My point is precisely that SLT does not give us a predictive account of how neural networks behave, in terms of generalisation and inductive bias, because it abstacts away from factors which are necessary to understand generalisation and inductive bias.
I don’t understand the strong link between Kolmogorov complexity and generalisation you’re suggesting here. I think by “generalisation” you must mean something more than “low test error”. Do you mean something like “out of distribution” generalisation (whatever that means)?
Kolmogorov complexity is definitely a misleading path here, and it’s unfortunate that Joar chose it as the “leading” example of complexity in the post. Note this passage:
This quote from the above comment is better:
I’ve expressed this idea with some links here:
Then if we combine two claims:
Joar’s “DNNs are (kind of) Bayesian” (for the reasons that I don’t understand because I didn’t read their papers, so I just take his word here), and
Fields et al.‘s “brains are ‘almost’ Bayesian because Bayesian learning is information-efficient (= energy-efficient), and there is a strong evolutionary pressure for brains in animals to be energy-efficient”,
is this an explanation explanation of DNNs’ remarkable generalisation ability? Or more quantification should be added to both of these claims to turn this into a good explanation?
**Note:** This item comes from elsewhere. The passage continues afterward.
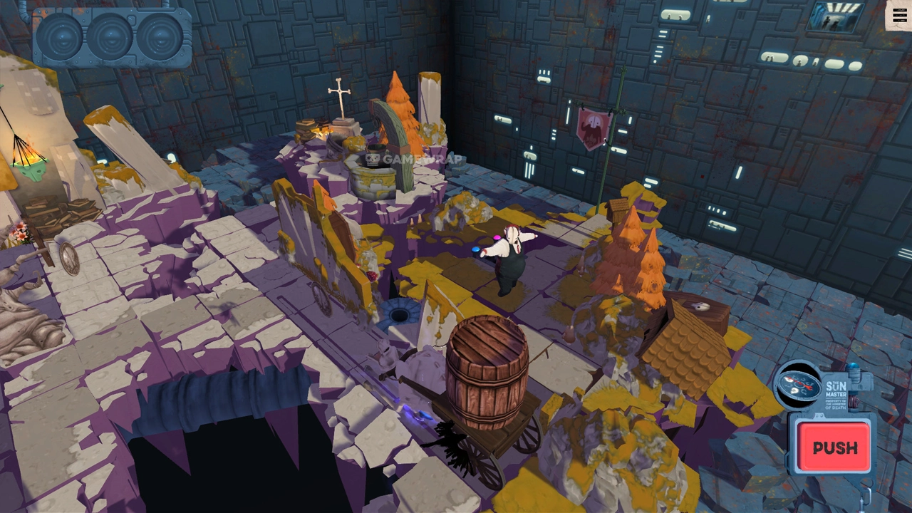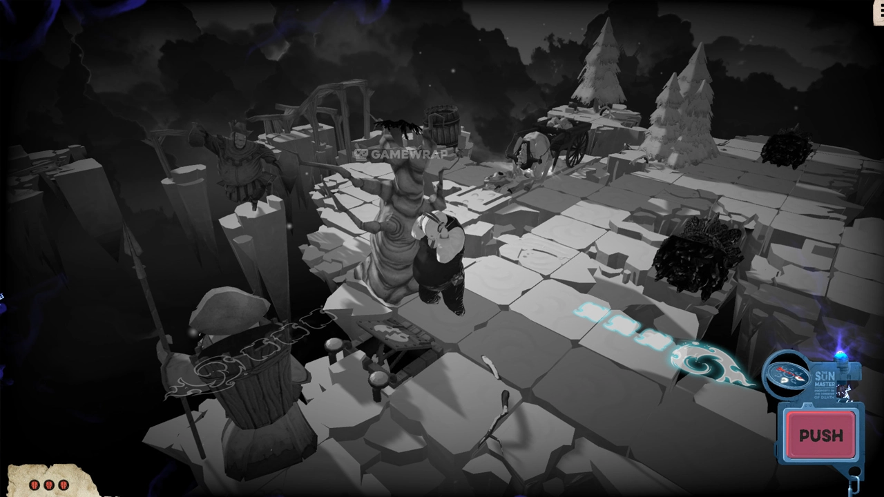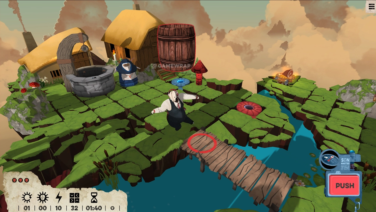 Felix can rotate the sun, and move objects, to create new pathways for him to reach his target.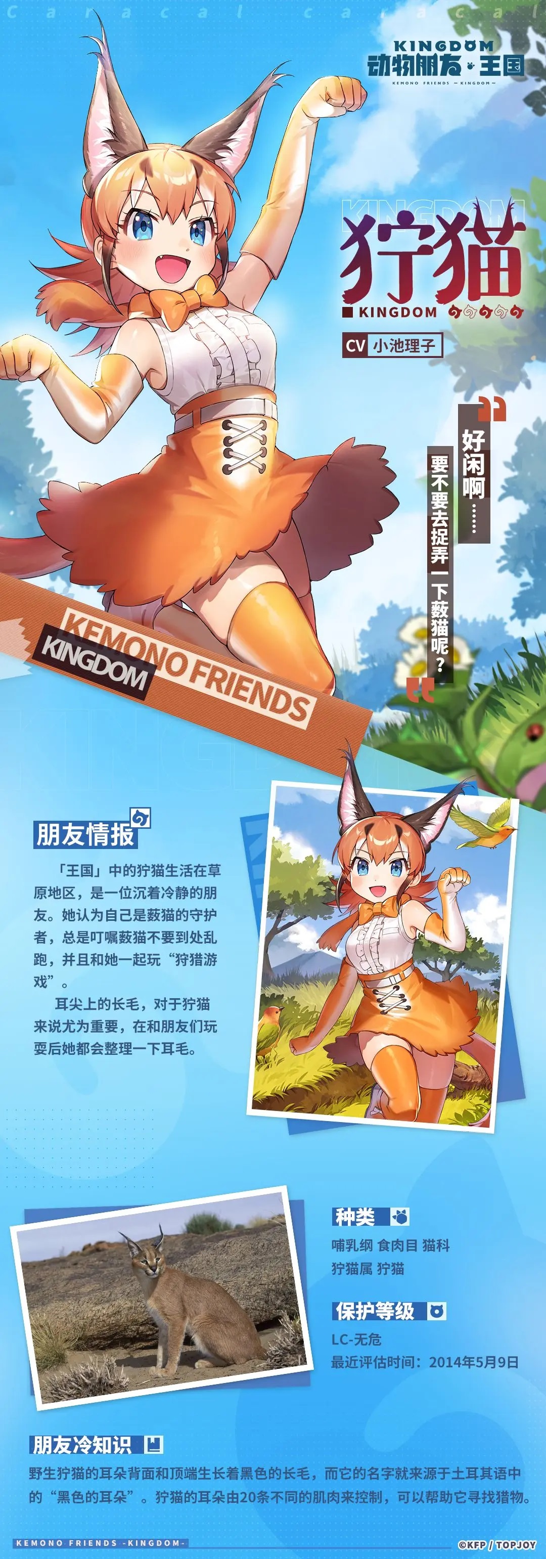「王国」中的狞猫生活在草原地区,是一位沉着冷静的朋友。她认为自己是薮猫的守护者,总是叮嘱薮猫不要到处乱跑,并且和她起玩狩猎游戏。

Thank you for this—I agree with what you are saying here. In the post, I went with a somewhat loose equivocation between “good priors” and “a prior towards low Kolmogorov complexity”, but this does skim past a lot of nuance. I do also very much not want to say that the DNN prior is exactly towards low Kolmogorov complexity (this would be uncomputable), but only that it is mostly correlated with Kolmogorov complexity for typical problems.
Yes, I mostly just mean “low test error”. I’m assuming that real-world problems follow a distribution that is similar to the Solomonoff prior (i.e., that data generating functions are more likely to have low Kolmogorov complexity than high Kolmogorov complexity) -- this is where the link is coming from. This is an assumption about the real world, and not something that can be established mathematically.
Only tangentially related, but your intuition about polynomial regression is not quite correct. A large range of polynomial regression learning tasks will display double descent where adding more and more higher degree polynomials consistently improves loss past the interpolation threshold.
Examples from here:
Relevant paper
IIRC this is probably the case for a broad range of non-NN models. I think the original Double Descent paper showed it for random Fourier features.
My current guess is that NN architectures are just especially affected by this, due to having even more degenerate behavioral manifolds, ranging very widely from tiny to large RLCTs.
That’s interesting, thank you for this!
I’m trying to get a quick intuition of this. I’ve not read the papers.
My attempt:
On a compact domain, any function can be uniformly approximated by a polynomial (Weierstrass)
Powers explode quickly, so you need many terms to make a nice function with a power series, to correct the high powers at the edges
As the domain gets larger, it is more difficult to make the approximation
So the relevant question is: how does the degree at training phase transition change with domain size, domain dimensionality, and Fourier series decay rate?
Does this make sense?
A comment by Patrick Foré, professor from University of Amsterdam
Haha, on LW that is either already true or at current growth rates will soon be true, but it is clearly also the case that SLT remains basically unknown in the broader deep learning theory community.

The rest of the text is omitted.